In the book, Sugar Surfing, Dr. Ponder talks about his early management of T1D and that instead of a number, there was a color chart, each color signifying a range of A1C.  I wonder if that wasn't a healthier way to communicate control.  Obsessing over 0.2 or 0.4% change when there is a range of error permitted of 0.5%? Reigning in the competitiveness by saying you're somewhere in the blue might be more supportive.

I'll admit that ditching a grading system would be hard for me.  I know that the standard deviation, the range of numbers, is as important if not more so than the A1C. Yet, I know that when I go to the doctor, I'll wait nervously for that number, unable to shake that feeling that it will define our dedication.  I'm still waiting for that 100%.  

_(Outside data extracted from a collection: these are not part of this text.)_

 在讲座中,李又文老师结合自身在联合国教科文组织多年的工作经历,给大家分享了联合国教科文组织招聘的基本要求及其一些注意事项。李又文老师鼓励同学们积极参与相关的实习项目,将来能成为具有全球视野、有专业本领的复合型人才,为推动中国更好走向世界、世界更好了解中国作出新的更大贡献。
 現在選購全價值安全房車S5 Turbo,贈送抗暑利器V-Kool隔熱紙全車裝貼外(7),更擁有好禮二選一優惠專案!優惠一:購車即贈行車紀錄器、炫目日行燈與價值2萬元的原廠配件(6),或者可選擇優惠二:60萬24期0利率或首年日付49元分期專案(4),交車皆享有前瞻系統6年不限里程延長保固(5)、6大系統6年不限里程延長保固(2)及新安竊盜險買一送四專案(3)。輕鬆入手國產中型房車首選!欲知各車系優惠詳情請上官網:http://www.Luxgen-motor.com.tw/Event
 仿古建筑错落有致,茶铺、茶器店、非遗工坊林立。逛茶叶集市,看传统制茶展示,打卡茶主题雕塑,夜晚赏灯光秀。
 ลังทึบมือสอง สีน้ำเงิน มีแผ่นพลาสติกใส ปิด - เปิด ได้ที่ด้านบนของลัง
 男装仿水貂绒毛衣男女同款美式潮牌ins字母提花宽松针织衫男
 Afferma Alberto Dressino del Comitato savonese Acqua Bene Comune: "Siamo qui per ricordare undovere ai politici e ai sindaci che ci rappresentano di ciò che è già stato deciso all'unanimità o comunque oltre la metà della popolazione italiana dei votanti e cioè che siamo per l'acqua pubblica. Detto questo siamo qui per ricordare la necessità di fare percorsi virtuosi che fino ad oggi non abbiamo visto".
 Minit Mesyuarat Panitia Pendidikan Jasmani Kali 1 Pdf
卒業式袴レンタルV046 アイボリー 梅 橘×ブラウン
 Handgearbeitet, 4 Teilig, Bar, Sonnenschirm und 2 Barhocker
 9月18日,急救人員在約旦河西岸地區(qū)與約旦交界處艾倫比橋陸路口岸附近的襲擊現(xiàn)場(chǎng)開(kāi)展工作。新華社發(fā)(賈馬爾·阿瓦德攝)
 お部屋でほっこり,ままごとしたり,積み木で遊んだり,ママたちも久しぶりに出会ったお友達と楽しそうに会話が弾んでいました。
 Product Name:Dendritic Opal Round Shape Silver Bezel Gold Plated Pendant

Notes:  I will never adjust to the need for one space after the period.  I learned on a typewriter from a book in the dark ages.  (Monks sat next to me hand lettering.)  Now, I must go back to adjust spacing each time publish a blog because I put in two spaces where there should be one. It is automatic.

A fluffy, mangy, red cat is hanging out in our barn.  Anna says he looks too thin.  I can't catch him. Don't want another cat, don't want him to starve.  

3 comments:

Fatcat said...

I had a similar experience in college on my week-long teaching practicum that she couldn't find a mistake, but she had subtracted points because she imagined that there was one, because "Nobody's perfect."

Grrr. Still creams my corn and I'm in my 50s too.

Fatcat said...

I had a similar experience in college on my week-long teaching practicum that she couldn't find a mistake, but she had subtracted points because she imagined that there was one, because "Nobody's perfect."

Grrr. Still creams my corn and I'm in my 50s too.

Karen said...

I remember you from Homeschool Blogger! So nice to read your blogs again. I can still identify with what you are talking about at times--I still struggle with "making the grade". And God gave me a child who doesn't thrive in that kind of system.

Sorry to hear about your son's diabetes.